Liver Posters

Monday July 02, 2018 from 16:30 to 17:30

Room: Hall 10 - Exhibition

P.813 Sarcopenia no longer impacts survival after LDLT managed with early enteral feeding protocols but its postoperative prevalence is still significant

Riccardo Pravisani, Italy

Resident MD
General Surgery and Transplantation Unit, Department of Medicine
University of Udine

Abstract

Sarcopenia no Longer Impacts Survival After LDLT Managed with Early Enteral Feeding Protocols but its Postoperative Prevalence is Still Significant

Riccardo Pravisani1,2, Akihiko Soyama 1, Miriam Isola3, Mitsuhisa Takatsuki 1, Masaaki Hidaka1, Tomohiko Adachi 1, Shinichiro Ono1, Takanobu Hara1, Takashi Hamada 1, Umberto Baccarani2, Andrea Risaliti2, Susumu Eguchi1.

1Department of Surgery , Nagasaki University Graduate School of Biomedical Sciences , Nagasaki, Japan; 2General Surgery and Transplantation Unit, Department of Medicine, University of Udine, Udine, Italy; 3Division of Medical Statistics, University of Udine, Udine, Italy

Introduction: Sarcopenia is defined as pathological reduction of muscle mass and strength, frequently diagnosed in patients with end-stage liver cirrhoses. Independently from MELD score, it is associated with high morbidity and mortality before and after liver transplantation. The introduction of early enteral feeding (EEF) protocols in the postoperative management of transplanted patients have enhanced promising results. The aim of the study was to evaluate the outcome of LDLT patients managed with EEF in terms of impact on survival of preoperative sarcopenia and clinical evolution of sarcopenia after transplantation.
Materials and Methods: During the period January 2008 - June 2016 138 LDLT patients  were investigated for preoperative sarcopenia. The skeletal muscle index at L3 level (L3-SMI) was used as method of muscle mass measurement and it was calculated with SYNPSE VINCENT. The cutoff for the diagnosis of sarcopenia was L3-SMI<42 cm2/m2 for men and L3-SMI<38 cm2/m2 for women, as stated by the Japan Society of Hepatology guidelines.  The study population was divided in 2 groups (preLT-sarcopenia group: 86pts Vs control: 52pts) and the overall survival was compared. Among the patients with an overall survival >1year (114 pts) the trend of SMI was analyzed  at 1 month and 1 year after LDLT and the risk factors for presence of sarcopenia at 1 year follow up were determined.
Results: Preoperative sarcopenia was recognized in 37.5% of cases. PreLT-sarcopenia  and control groups were homogenous in terms of age, sex, MELD, GV/SLV% and HCV-HBV status. HCC diagnosis was higher in control group (p<0.01) but did not have any impact on survival (p=0.43). Overall survival at 1,3,5 year was 82.6%, 76.5% and 69.5% respectively without any significant difference between pre-LT sarcopenic and control groups (p=0.30). At 1 year after LDLT, 28.9% of patients were sarcopenic, without any significant change of prevalence in comparison to the preoperative phase (37.5%, p=0.52) nor 1 month post-LT (30.7%, p=0.42).
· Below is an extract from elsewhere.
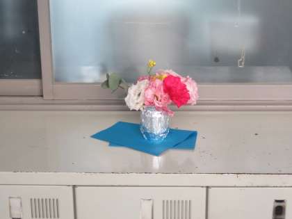 しばらくして,校長室に戻ってみると部屋の前の靴棚の上に,可憐な花が手作りの花瓶と共に置いてある。確か,先ほどまではなかったはず。「ああ,そうか」と合点がいく。「そういえば,昨日の入学式の式花を1組の生徒が教室でいけ替えていたな」と。その一つを,校長室の前に置いてくれたのだと。そう思って廊下を見渡すと,いたるところに花が置かれてあった。ほっと安らぐ。

At univariate analysis BMI (HR 0.04, p<0.01), MELD score (HR 0.03, p=0.02), post-LT ICU length of stay (HR 0.05, p=0.02), biliary complications (HR 1.48, p=0.05), preoperative sarcopenia (HR 4.62, p<0.01), 1 month post-LT sarcopenia (HR 5.8, p<0.01) resulted significant risk factors for sarcopenia at 1 year post-LT. Post-LT ICU length of stay (HR 0.07, p 0.03), biliary complications (HR 4.4, p=0.02), preoperative sarcopenia (HR 2.07, p=0.05), 1 month post-LT sarcopenia (HR 7, p<0.01),  maintained significance even at multivariate analysis.
Conclusion: Postoperative EEF protocols do reverse the negative impact on survival of preoperative sarcopenia but they currently do not reduce its prevalence at 1 year after LDLT. Interventions aimed to reverse sarcopenia before LT and to reduce the incidence of biliary complications after LT may also improve the patients' long-term recovery from sarcopenia.